An incomplete Photosystem II structure from cyanobacteria.  Proteins as ribbons, pigments as green ball-and-sticks wedged between them.  Illustration by Curtis Neveu, from Wikipedia.

You can tell just from looking at this that it’s a much much more complicated system, with dozens of proteins involved (not all pictured and not all part of the photosystem) and multiple types of pigments embedded in it.  What happens in these photosystems is special:  they are where the energy of light is turned into an internal redox gradient.  Light hits one of the pigments in the photosystem, or one of some dispersed ‘antenna’ pigments elsewhere in the membrane of the cell.  These pigments become electrically excited, and are capable of transferring this excitation back and forth between themselves, until the pigment at the active center of the photosystem is excited.  At the active center, this electronically excited pigment transfers an electron to another molecule, losing that electron.  When this happens, suddenly you have one molecule with an overabundance of electrons (a very strong reducing agent) and one with a deficit of electrons (a very strong oxidizing agent).  It is very energetically favorable for those molecules to react and release this energy like any other favorable redox reaction.  But the structure of the photosystem catalyzes the creation of that gradient from the excited pigment, not its dissipation by letting them react.  To dissipate the new redox gradient between these two molecules, the electrons have to go through a Rube Goldberg apparatus that wrings as much energy as possible from them in the process.

Some phototrophic organisms (green nonsulfur bacteria, most purple nonsulfur bacteria, etc) basically just run the electrons from one photosystem through a circular electron transport chain, running them from the photosystem through membrane protein complexes until the end of the chain dumps the now lower-energy electron back into the oxidized pigment, restoring it to its original state but having pumped several protons across the membrane in the process.  This, again, just extracts energy from the light and puts it into the form of a proton gradient that the rotary ATP synthase or other processes can dissipate to let the cell do its business but does it much more efficiently than bacteriorhodopsin can at the expense of complexity.

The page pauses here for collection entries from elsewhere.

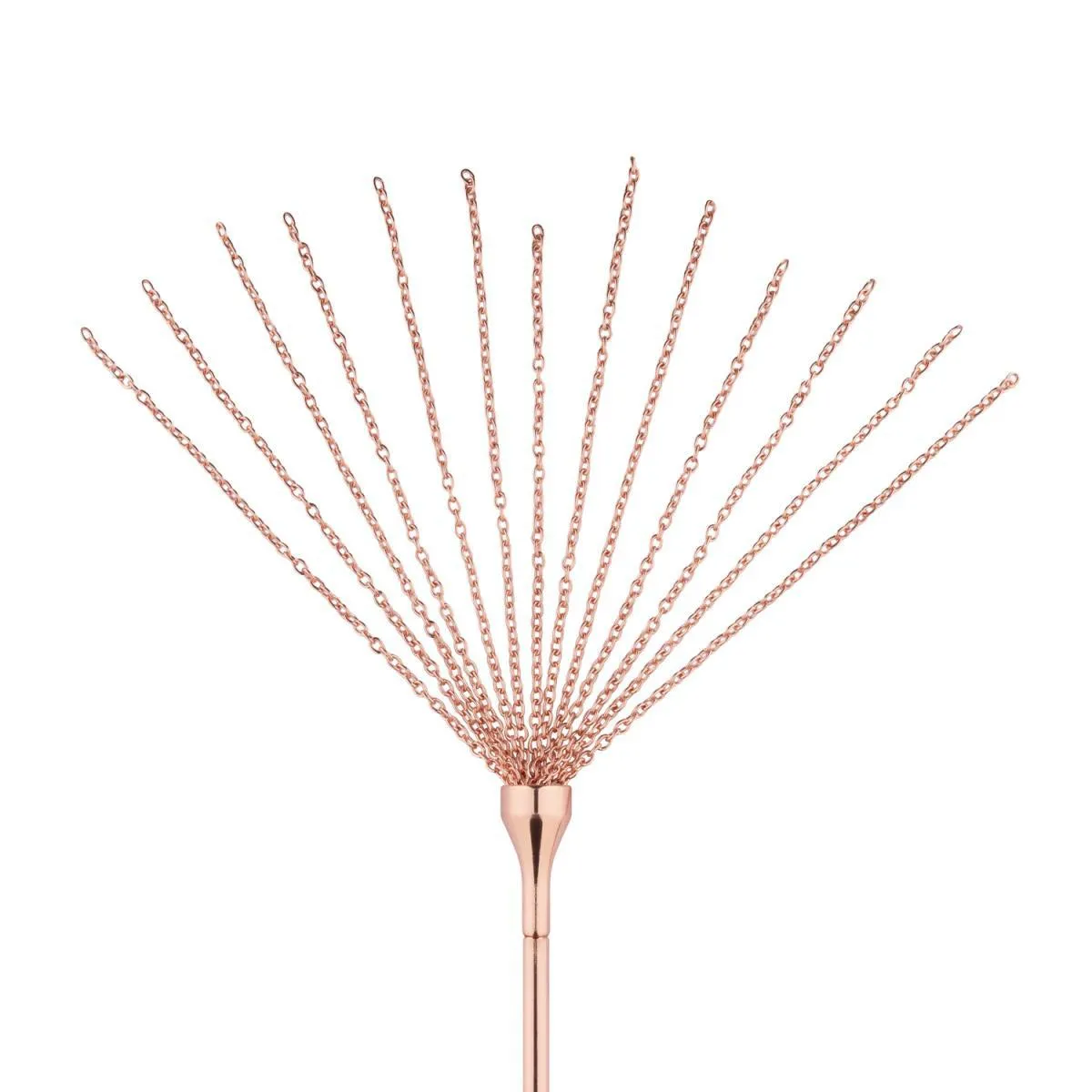 Jedna strona piórkowego łaskotnika delikatnie muska skórę, co sprawia, że zmysły budzą się do życia. Zastosowanie lekkich piórek pozwala na płynne, zmysłowe doznania, które zwiększają wrażliwość. Z drugiej strony, bat z łańcuszków wprowadza element kontroli oraz kontrastu, co czyni go idealnym narzędziem do zabaw związanych z naprzemiennym stosowaniem ucisku i głaskania. To dynamiczne połączenie sprawia, że użytkownicy mogą eksplorować różnorodne techniki pobudzania.
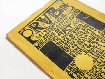 Drobná knížka, kterou představujeme v dubnové Poličce, je jednou z kuriozit Archivu výtvarného umění. RUB International former „Rubrup“ Magazine of Rubberstaped art vyšel v jediném exempláři, je vyrobený ručně a jde v podstatě o fanzin. Tedy o podomácku vyrobené periodikum k oslavě určité subkultury, v tomto případě korespondentů mail artu. (O tom, zda vyšla také další vydání tohoto fanzinu, bohužel nic nevíme). Autor, který si přezdívá Arriere-garde '32nd, v něm shromáždil razítka, která vystřihoval z poštovních balíků a obálek. Ty následně vlepil do sešitu v krásné kompozici (jak ji v podtitulu knihy sám žertem nazývá).
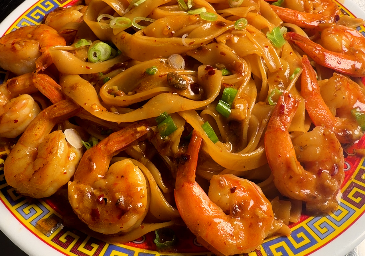 Jumbo shrimp seared hard, served over wide rice noodles coated…
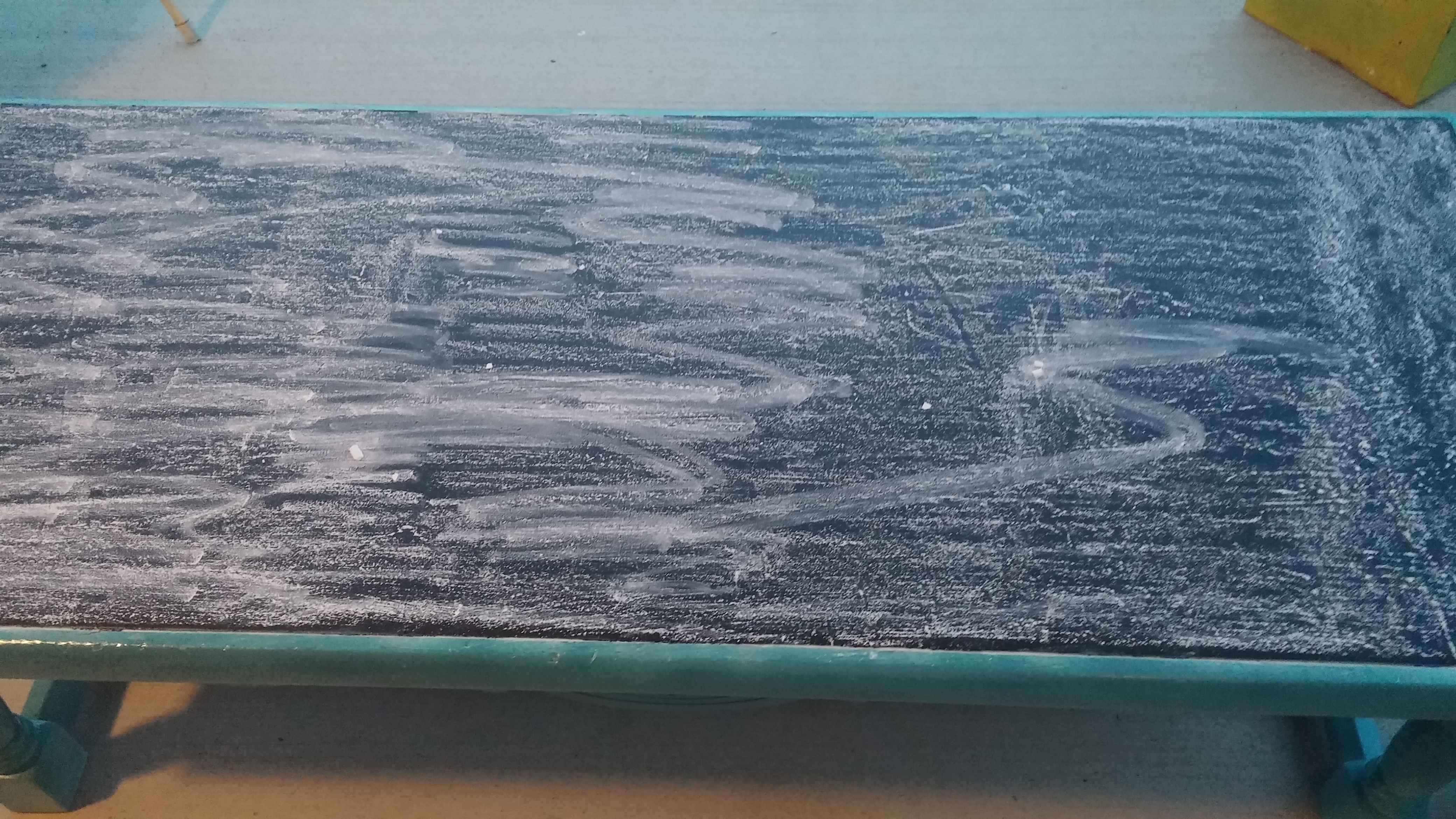 5. The next step is to season the chalkboard after the paint has dried sufficiently. You cover the whole top with chalk, then wipe it off. This is crucial for the board to be usable.Here’s what it looks like to “season” the board…
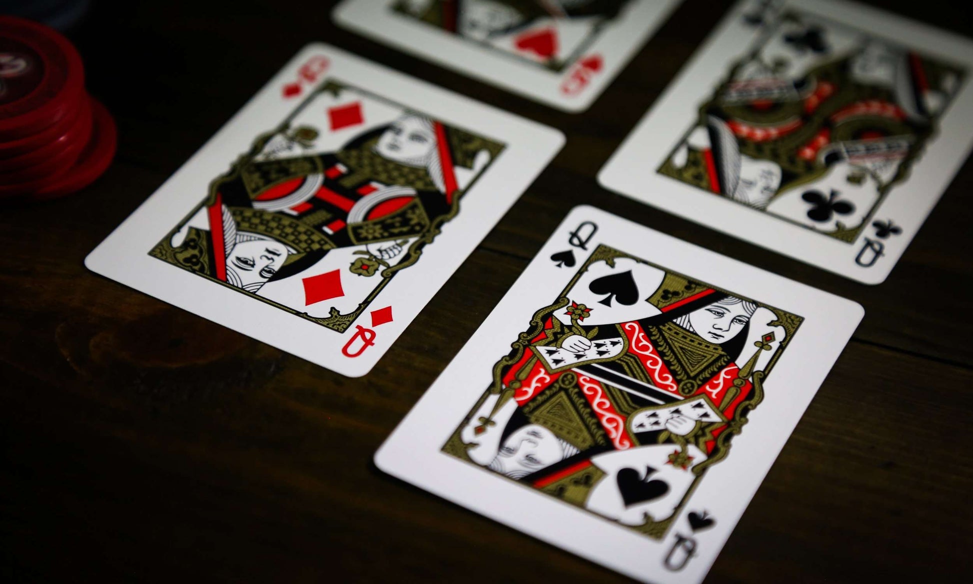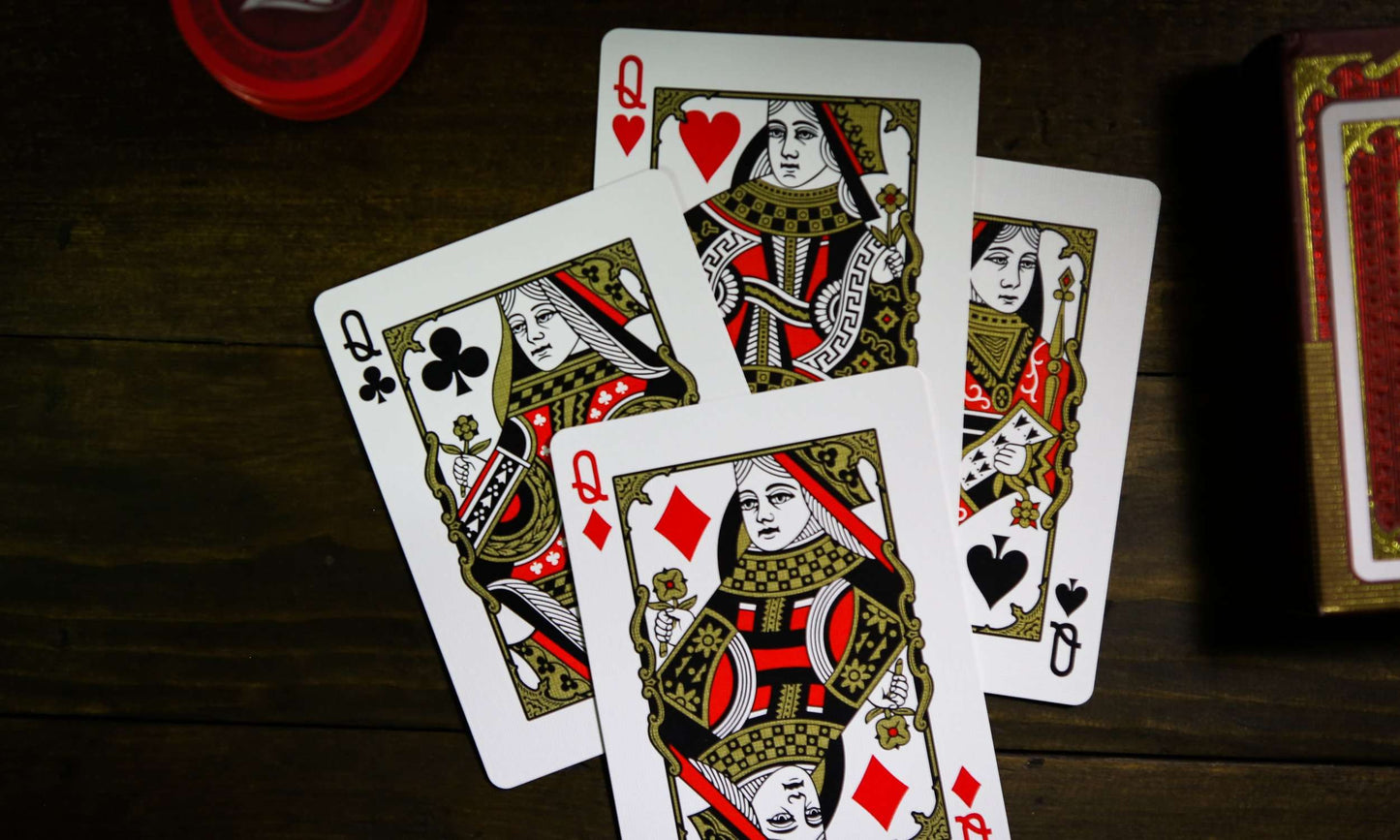 The Back Card for the Lucky 7 Casino Deck utilizes a Metallic Gold ink and two Pantone colors. The Face Cards feature a Metallic Gold ink and three Pantone colors. The Ace of Spade is headlined by a Vegas-style showgirl, and the Jokers feature a unique old-school style Slot Machine with the Number 7 symbol and colors spotlighted. Each semi-custom Court Card exudes luxury with the unique border treatment, but remains extremely playable with the Court artwork we all know and love.

Other organisms actually take the redox gradient created within a photosystem and use it to fix CO2 into biomolecules, performing photosynthesis.  These organisms (the green sulfur bacteria, the purple sulfur bacteria, some purple and green nonsulfur bacteria, etc) take the electron rich reducing agent generated in the photosystem and through the various carbon fixation pathways use it to reduce the carbon in CO2 into biomass (average formula: CH2O).  This, however, leaves the extremely strong oxidizing agent in the photosystem un-neutralized.  It has to be neutralized or else the cycle cannot repeat – for every carbon that is reduced using light energy, something else has to be oxidized by the photosystem using light energy. A whole slew of substances are possible – hydrogen sulfide can be oxidized to elemental sulfur as in the various sulfur bacteria, ferrous iron (green Fe2+) can be oxidized to ferric iron (red Fe3+, rust), or water can be oxidized into oxygen.  Ultimately, photosynthesis is thus a process for ripping electrons from something in the environment, thus oxidizing it, and using the electrons to reduce CO2 into biomass.

Oxygen-producing photosynthesis appears to have only appeared from photosystem-type photosynthesis once, in the cyanobacteria.  But today it is by far the most common kind.  This has very little to do with the fact that it makes oxygen in and of itself.  Dissolved ferrous iron, hydrogen sulfide, and water are all perfectly good electron donors for photosynthesis.  But oxygenic photosynthesis both sidesteps factors that limit all other forms of photosynthesis and simultaneously forces these other forms to the sidelines.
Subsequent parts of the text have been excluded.